London House was the London mansion of the Bishop of London after the restoration of the monarchy in 1660. Today the site, 172 Aldersgate Street is occupied by a block of flats.

==History==
Early in 1544 William Petre rented a small house on the west side of Aldersgate as a town house while engaged in his role as secretary to King Henry. Later that same year he purchased seven houses formerly the property of the neighboring St Bartholomew's Priory, adjoining the rented house. By 1549 Petre was renting a larger house from The Drapers Company which he had purchased by 1552. Petre continued to purchase others property and to extend his house over a number of years. By 1562 the house was large and contained a number of chambers and rooms according to an inventory.

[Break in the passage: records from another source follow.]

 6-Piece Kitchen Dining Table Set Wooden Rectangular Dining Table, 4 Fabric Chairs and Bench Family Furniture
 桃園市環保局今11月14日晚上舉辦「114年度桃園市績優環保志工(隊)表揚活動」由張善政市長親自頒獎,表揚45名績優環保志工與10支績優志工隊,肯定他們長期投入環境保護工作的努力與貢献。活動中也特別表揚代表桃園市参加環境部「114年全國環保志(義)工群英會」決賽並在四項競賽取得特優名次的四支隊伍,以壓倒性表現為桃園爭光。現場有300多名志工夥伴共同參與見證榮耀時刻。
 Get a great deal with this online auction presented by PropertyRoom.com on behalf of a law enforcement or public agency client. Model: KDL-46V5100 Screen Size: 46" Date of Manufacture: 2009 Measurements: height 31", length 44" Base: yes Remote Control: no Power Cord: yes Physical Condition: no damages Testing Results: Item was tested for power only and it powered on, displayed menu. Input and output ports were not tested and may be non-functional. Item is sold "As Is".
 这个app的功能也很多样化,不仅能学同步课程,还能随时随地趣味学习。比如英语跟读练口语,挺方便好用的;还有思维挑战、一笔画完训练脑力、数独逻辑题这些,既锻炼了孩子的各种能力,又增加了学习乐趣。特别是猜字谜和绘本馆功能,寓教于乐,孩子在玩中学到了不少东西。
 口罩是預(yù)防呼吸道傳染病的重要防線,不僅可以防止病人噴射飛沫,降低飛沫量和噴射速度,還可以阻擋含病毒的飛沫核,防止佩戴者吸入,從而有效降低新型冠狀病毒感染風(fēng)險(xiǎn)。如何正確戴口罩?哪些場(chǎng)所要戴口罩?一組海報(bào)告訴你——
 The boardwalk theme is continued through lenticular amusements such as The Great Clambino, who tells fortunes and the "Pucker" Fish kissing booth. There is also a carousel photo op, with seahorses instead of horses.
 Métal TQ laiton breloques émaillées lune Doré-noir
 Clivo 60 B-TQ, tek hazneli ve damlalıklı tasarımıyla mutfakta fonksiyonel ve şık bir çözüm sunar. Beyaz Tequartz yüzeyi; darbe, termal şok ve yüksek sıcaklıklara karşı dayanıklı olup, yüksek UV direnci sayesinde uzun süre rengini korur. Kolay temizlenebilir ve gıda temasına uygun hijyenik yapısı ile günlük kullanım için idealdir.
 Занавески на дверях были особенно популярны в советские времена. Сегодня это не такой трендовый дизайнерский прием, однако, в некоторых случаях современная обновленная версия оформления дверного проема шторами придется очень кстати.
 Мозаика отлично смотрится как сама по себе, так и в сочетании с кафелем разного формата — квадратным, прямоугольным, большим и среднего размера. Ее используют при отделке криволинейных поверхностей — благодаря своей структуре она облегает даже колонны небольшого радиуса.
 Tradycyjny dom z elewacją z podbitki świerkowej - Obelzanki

Over the years Petre House was extended across the parish boundary into the former close of St Bartholomew's priory. This was later to cause disputes over the payment of parish fees. The house remained the townhouse until 1639 following the death of the 3rd Lord Petre.

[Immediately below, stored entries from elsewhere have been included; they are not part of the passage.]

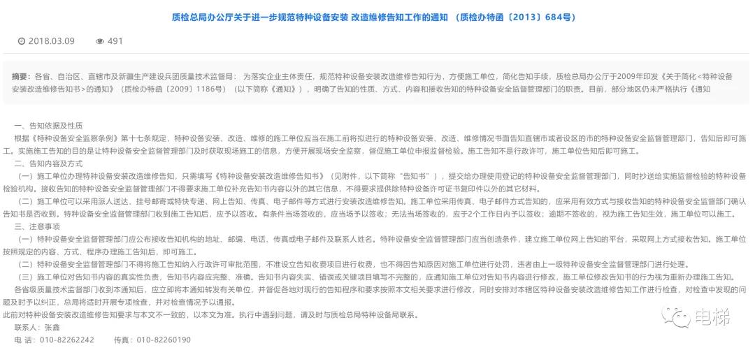 問:電梯安裝人員需要什么證件,總局能否明示? 總局回復:《市場監管總局關于特種設備行政許可有關事項的公告》〔2019年 第3號〕已明確,特種設備作業人員資格認定分類與項目已不包括電梯安裝,電梯安裝人員不需要持市場監管部門頒發的作業人員證。同時,電梯安裝告知應當依據《質檢總局辦公廳關于進一步規范特種設備安裝改造維修告知工作的通知》(質檢辦特函〔2013〕684號)執行。
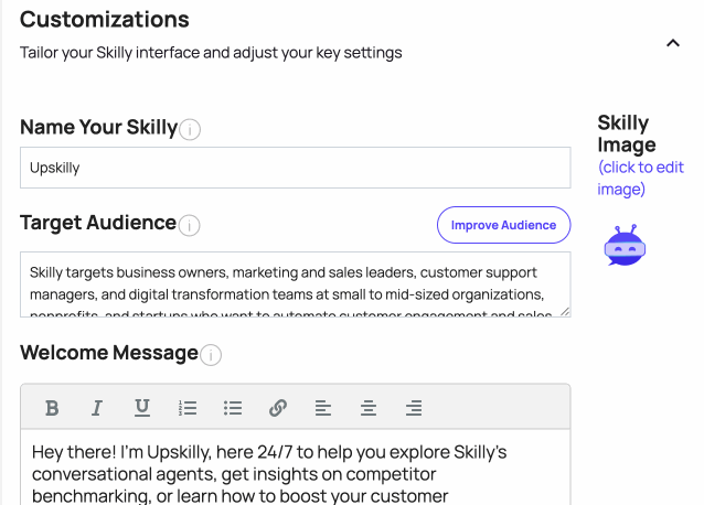 - Target Audience: gives skilly an idea of the kind of person your user is most likely to be. What are their typical roles & responsibilities? What overarching needs do they tend to have? skilly takes an educated guess about the target audience based on your website, but you can rewrite it as you see fit, or click "Improve Audience" once you've uploaded additional knowledge, and skilly will automatically revise its understanding of your users.
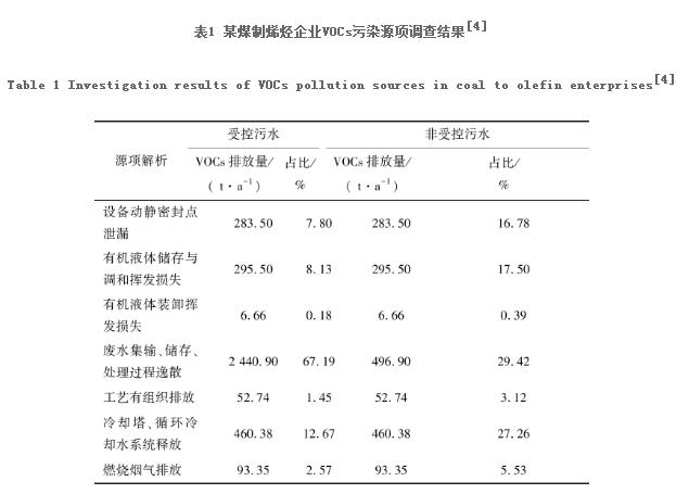 目前,我國只有少數(shù)現(xiàn)代煤化工企業(yè)開展了VOCs核查。表1為某煤制烯烴企業(yè)VOCs的源項(xiàng)核查結(jié)果(將氣化灰水及污水汽提塔底凈化水分為受控污水和非受控污水2種情況)[4]。
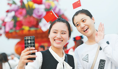 国庆长假,天安门广场游客如潮,图为游客在天安门广场合影留念。 陈晓根摄(人民视觉)
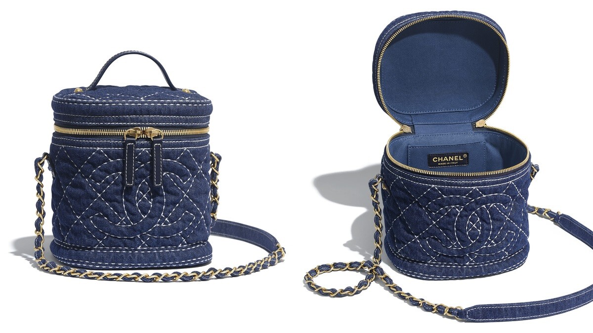 於19/20早春度假系列亮相的圓筒包,造型十分俏皮,丹寧布為包款增添了一股青春洋溢的氣息,適合旅行、度假攜帶。
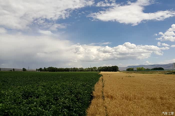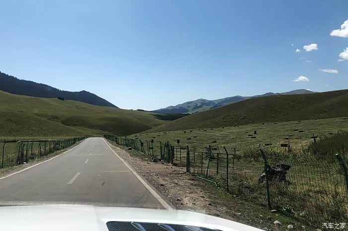 由于昭苏县正北的伊昭公路有施工路段,所以这次也要先往城东方向后再向北沿昭苏县种马场那条路经小洪纳海水库小绕一下才能真正踏上伊昭公路。因手机电池衰减的太厉害时不时的就自动关机所以这段路照片不多(后续行程的拍照是一直用充电宝供电坚持着)。
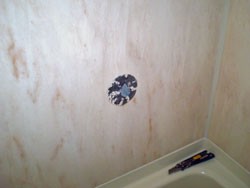 ◎アパートのユニットバスの壁に、携帯テレビ設置用のプレートを貼り付けていま
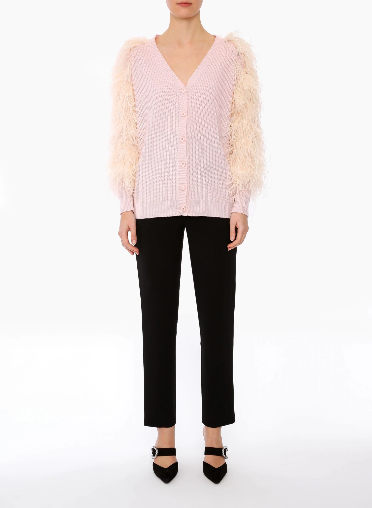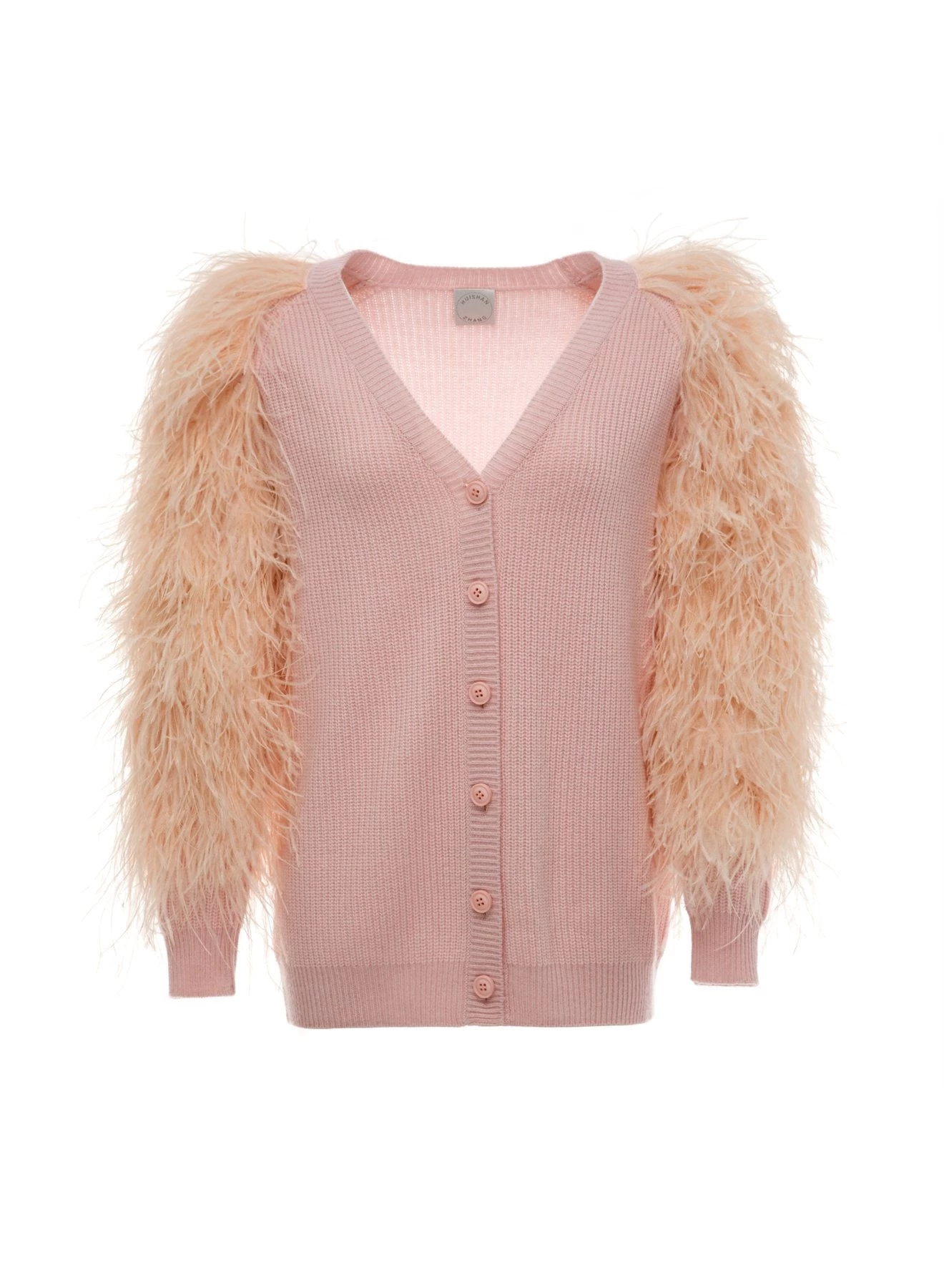 The Elin is a 100% cashmere rib button-down cardigan. The sleeves are adorned with signature ostrich feathers dyed to match the body.

During the Commonwealth the house was used as a prison and it was here in 1646 that Michael Hudson was imprisoned while being questioned by a Parliamentary committee about the flight of Charles I from Oxford to Newark-upon-Trent. Richard Lovelace, the poet, was, in 1648, confined in Lord Petre's house in Aldersgate by order of the House of Commons; and it continued to be used as a prison by Cromwell and his colleagues.

In 1657 it was the residence of Henry Pierrepont, Marquis of Dorchester.

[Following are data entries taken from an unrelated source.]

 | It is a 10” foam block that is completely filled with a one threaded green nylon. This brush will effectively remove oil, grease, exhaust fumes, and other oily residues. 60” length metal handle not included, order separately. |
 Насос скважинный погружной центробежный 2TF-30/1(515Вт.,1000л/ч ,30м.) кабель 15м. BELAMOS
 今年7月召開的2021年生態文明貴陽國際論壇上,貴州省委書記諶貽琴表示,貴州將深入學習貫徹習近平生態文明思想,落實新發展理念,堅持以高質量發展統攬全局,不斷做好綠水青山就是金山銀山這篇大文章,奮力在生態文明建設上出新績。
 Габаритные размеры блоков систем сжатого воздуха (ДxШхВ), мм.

After his death it was bought by the See of London, after the Great Fire had destroyed the bishop's residence in St. Paul's Churchyard and the house became known as London House. Bishop Henchman died there in 1675. In 1720 Bishop Robinson was residing in it. Shortly after the non-juror, Thomas Rawlinson ("Tom Folio"), removed his great library to London House, where he died in 1725.

After the restoration the house was given by Charles II to be the London City mansion of the Bishop of London. From that time it was known by the name of London House. After the bishops ceased to use it as a residence, it was at last let out into tenements and warehouses.

In the 1740's the house was the home of Jacob Ilive who in 1747 published a plan of the house as part of a boundary dispute, at the time the house covered almost 2 acres.

Bishop Sherlock, in 1749, obtained parliamentary power to dispose of London House for the benefit of the See.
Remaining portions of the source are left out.